Lin Wanqiu met his eyes. "It's popular science, posted on a public platform. Nothing 'shouldn't be seen.' Knowledge itself has no borders."

"But transmission paths do," he said. "What if your voice passes through the atmosphere and is picked up by other receivers?"

She froze for a moment. "You mean… alien civilizations?"

Cheng Ye neither confirmed nor denied. He placed the manuscript gently back on the desk. "I don't care what you teach. I only care who is listening."

The room fell completely silent.

Wind slipped through the door gap, stirring her clothes and flipping the pages on the desk. One draft on dougong overhang length and roof angle function lifted slightly, and she pressed it down.

"I'm just someone sharing fun facts," she said.

Cheng Ye looked at her for three full seconds. Then he pulled out a portable recorder and filmed the workspace: laptop, models, manuscript, pothos, wall diagrams. Motion crisp, emotionless.

"We will keep the record," he said. "If no further issues arise, we won't disturb you for now."

Lin Wanqiu did not ask how long "for now" meant, or if they would return. She only nodded.

Cheng Ye walked to the door. Before sliding it open, he stopped and turned back.

"Next stream: dougong?"

She blinked in surprise. "You saw the preview?"

"It was written in your schedule," he said. "Next Tuesday, 8 PM."

She nodded.

He said nothing more, pulled the door open, and walked out.
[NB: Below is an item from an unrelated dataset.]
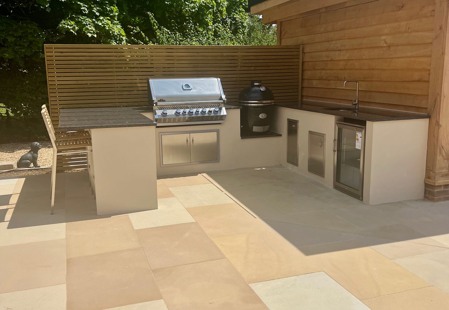 This U-shaped outdoor kitchen and bar is designed for outdoor cooking and hosting. It includes a 7-burner BBQ, Kamado oven, fridge, sink, and plenty of storage. There’s space for barstools, making it a great outdoor entertainment area for hosting guests. The 30mm dark polished granite worktops, stainless steel cupboard doors, and sand and cement render complement the patio tiles, creating a perfect addition to the garden.

The two agents followed immediately. The three left in formation, steps uniform, boots fading into the distance.

Lin Wanqiu stood at the door until their figures vanished behind the dunes, then slowly closed it.
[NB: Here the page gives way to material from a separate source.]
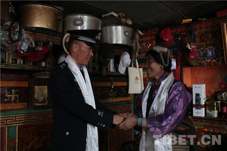 每年除夕開展走訪慰問是派出所必不可缺的工作,民警們大包小包提著油、米、糌粑等日常生活用品,走在他們?cè)偈煜げ贿^的蜿蜒小道上,去邀請(qǐng)村里的孤寡老人和獨(dú)自留守在家中的夏爾巴群眾到派出所里共度除夕。

The iron gate slid back into place with a heavy click.

She did not return to the desk. She stood where she was, staring at the shut laptop. The screen was black, reflecting only her blurry outline, like an undeveloped photograph.

She looked down at the manuscript in her hand, fingertips brushing the worn edge.

Then she turned, walked back to the desk, and reopened the document.

The cursor still blinked after that line:

"Notably, dougong has not only practical function but also profound philosophy: using softness to overcome hardness, retreating to advance, dissolving concentration with dispersion, resisting rigidity with elasticity…"

She deleted the final period, replaced it with a comma, and continued typing:

"The core value of this structure is not how much weight it can hold, but that it allows slight shaking — and thus avoids total collapse."

She finished the sentence, paused, and drank cold water.

Outside, sunlight still shone brightly. Dunes lay quietly, as if nothing had happened.

But she knew something had changed.

She opened a drawer, took out a kraft paper envelope, neatly placed all of today's manuscripts inside, sealed it, and wrote two words on the cover:

Filed

She slid the envelope into the deepest compartment under the desk, pushed it all the way in, and blocked it with a thick book.

She sat back, folded her hands on the desk, and looked at the pothos.

Its leaves faced south, edges slightly curled, as if thirsty.

She did not move. Did not water it.

After a few minutes, she suddenly reached out and turned the camera toward the wall, no longer pointing at her workspace.

Then she pressed the laptop's sleep button.

The screen dimmed. The mainframe fan let out one last soft whir, like a sigh.

She sat there, not turning on the light, not standing up.

Outside, a lizard crawled past the wall, its tail sweeping up fine sand.

The wind rose again, tapping gently on the roof.

She did not hear the cheers deep in the universe.

She did not know every word she spoke was being translated into billions of forms and archived forever in the memory banks of countless civilizations.

She only knew that the man named Cheng Ye had not looked at her like a streamer.

He had looked at her like a puzzle.

She raised a hand and touched her bronze hairpin. It felt ice-cold.

Then she pulled out her chair and opened a new document.

This time, she created a blank page.

In the title bar, she typed four characters:

Backup Draft

The cursor blinked below, waiting for the first line.

She stared at the screen, fingers hovering over the keyboard, not typing for a long time.